*Task to carry out*
Both the line containing "قلنا: قد تقدَّمَ" and the line containing "В данной работе" belong to the span. Output exactly that span from the listing below, and nothing outside it.

*Source data*
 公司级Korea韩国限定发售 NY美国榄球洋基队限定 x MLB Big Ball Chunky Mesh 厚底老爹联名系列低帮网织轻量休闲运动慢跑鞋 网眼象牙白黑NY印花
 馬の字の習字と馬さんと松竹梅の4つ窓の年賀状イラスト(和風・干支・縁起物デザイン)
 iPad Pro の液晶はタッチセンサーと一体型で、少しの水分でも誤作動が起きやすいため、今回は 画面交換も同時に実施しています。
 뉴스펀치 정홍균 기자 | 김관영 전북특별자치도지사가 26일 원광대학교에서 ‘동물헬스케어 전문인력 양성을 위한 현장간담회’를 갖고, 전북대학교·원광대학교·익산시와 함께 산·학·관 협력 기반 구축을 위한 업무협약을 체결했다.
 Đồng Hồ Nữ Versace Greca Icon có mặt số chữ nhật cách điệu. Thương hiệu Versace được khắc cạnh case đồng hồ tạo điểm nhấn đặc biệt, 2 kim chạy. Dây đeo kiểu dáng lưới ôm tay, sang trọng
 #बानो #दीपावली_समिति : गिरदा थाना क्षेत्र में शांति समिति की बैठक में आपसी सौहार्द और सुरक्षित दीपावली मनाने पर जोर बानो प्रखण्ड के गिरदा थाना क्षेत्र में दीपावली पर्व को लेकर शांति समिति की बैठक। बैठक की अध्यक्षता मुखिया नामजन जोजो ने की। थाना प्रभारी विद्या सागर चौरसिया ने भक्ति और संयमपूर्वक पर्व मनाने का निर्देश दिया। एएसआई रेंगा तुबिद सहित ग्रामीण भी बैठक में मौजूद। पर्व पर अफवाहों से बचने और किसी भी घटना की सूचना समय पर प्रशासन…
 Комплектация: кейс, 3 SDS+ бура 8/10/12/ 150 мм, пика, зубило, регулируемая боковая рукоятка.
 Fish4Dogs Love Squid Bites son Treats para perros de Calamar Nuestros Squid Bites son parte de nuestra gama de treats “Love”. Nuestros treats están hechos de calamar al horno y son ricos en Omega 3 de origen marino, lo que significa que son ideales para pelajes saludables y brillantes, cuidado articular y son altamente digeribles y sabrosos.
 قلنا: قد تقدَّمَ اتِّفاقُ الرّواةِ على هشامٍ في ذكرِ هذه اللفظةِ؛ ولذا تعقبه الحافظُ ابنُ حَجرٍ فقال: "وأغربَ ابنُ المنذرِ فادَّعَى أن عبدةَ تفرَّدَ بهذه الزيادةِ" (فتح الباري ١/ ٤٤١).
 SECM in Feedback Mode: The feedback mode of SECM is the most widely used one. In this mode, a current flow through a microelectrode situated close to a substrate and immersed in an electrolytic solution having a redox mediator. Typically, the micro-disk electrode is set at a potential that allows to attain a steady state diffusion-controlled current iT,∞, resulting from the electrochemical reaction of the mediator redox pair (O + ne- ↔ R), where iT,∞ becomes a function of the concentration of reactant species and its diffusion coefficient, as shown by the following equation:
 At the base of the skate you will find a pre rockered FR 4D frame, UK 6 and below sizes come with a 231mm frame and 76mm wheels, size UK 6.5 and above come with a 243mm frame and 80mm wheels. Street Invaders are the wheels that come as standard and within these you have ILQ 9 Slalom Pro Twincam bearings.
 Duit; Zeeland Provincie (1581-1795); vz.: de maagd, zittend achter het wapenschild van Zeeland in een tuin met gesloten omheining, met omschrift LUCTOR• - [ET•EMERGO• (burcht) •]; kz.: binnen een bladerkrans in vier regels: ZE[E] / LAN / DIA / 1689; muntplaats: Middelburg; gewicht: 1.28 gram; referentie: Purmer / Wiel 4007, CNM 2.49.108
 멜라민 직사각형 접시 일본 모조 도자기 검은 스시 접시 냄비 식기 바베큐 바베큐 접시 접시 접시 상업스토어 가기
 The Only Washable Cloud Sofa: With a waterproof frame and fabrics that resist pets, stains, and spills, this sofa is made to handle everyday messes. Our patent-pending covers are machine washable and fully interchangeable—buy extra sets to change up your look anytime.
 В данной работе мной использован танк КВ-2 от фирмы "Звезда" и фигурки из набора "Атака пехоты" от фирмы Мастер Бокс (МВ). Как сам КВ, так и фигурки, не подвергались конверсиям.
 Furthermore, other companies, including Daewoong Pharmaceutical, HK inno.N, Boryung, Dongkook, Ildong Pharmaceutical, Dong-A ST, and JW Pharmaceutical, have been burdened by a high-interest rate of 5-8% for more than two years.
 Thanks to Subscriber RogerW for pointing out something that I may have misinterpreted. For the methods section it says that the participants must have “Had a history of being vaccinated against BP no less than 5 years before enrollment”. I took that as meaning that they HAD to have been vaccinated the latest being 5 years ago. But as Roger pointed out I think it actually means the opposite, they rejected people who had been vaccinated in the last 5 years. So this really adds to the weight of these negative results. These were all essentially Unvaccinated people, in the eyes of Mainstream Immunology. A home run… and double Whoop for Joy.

*Written solution*
 قلنا: قد تقدَّمَ اتِّفاقُ الرّواةِ على هشامٍ في ذكرِ هذه اللفظةِ؛ ولذا تعقبه الحافظُ ابنُ حَجرٍ فقال: "وأغربَ ابنُ المنذرِ فادَّعَى أن عبدةَ تفرَّدَ بهذه الزيادةِ" (فتح الباري ١/ ٤٤١).
 SECM in Feedback Mode: The feedback mode of SECM is the most widely used one. In this mode, a current flow through a microelectrode situated close to a substrate and immersed in an electrolytic solution having a redox mediator. Typically, the micro-disk electrode is set at a potential that allows to attain a steady state diffusion-controlled current iT,∞, resulting from the electrochemical reaction of the mediator redox pair (O + ne- ↔ R), where iT,∞ becomes a function of the concentration of reactant species and its diffusion coefficient, as shown by the following equation:
 At the base of the skate you will find a pre rockered FR 4D frame, UK 6 and below sizes come with a 231mm frame and 76mm wheels, size UK 6.5 and above come with a 243mm frame and 80mm wheels. Street Invaders are the wheels that come as standard and within these you have ILQ 9 Slalom Pro Twincam bearings.
 Duit; Zeeland Provincie (1581-1795); vz.: de maagd, zittend achter het wapenschild van Zeeland in een tuin met gesloten omheining, met omschrift LUCTOR• - [ET•EMERGO• (burcht) •]; kz.: binnen een bladerkrans in vier regels: ZE[E] / LAN / DIA / 1689; muntplaats: Middelburg; gewicht: 1.28 gram; referentie: Purmer / Wiel 4007, CNM 2.49.108
 멜라민 직사각형 접시 일본 모조 도자기 검은 스시 접시 냄비 식기 바베큐 바베큐 접시 접시 접시 상업스토어 가기
 The Only Washable Cloud Sofa: With a waterproof frame and fabrics that resist pets, stains, and spills, this sofa is made to handle everyday messes. Our patent-pending covers are machine washable and fully interchangeable—buy extra sets to change up your look anytime.
 В данной работе мной использован танк КВ-2 от фирмы "Звезда" и фигурки из набора "Атака пехоты" от фирмы Мастер Бокс (МВ). Как сам КВ, так и фигурки, не подвергались конверсиям.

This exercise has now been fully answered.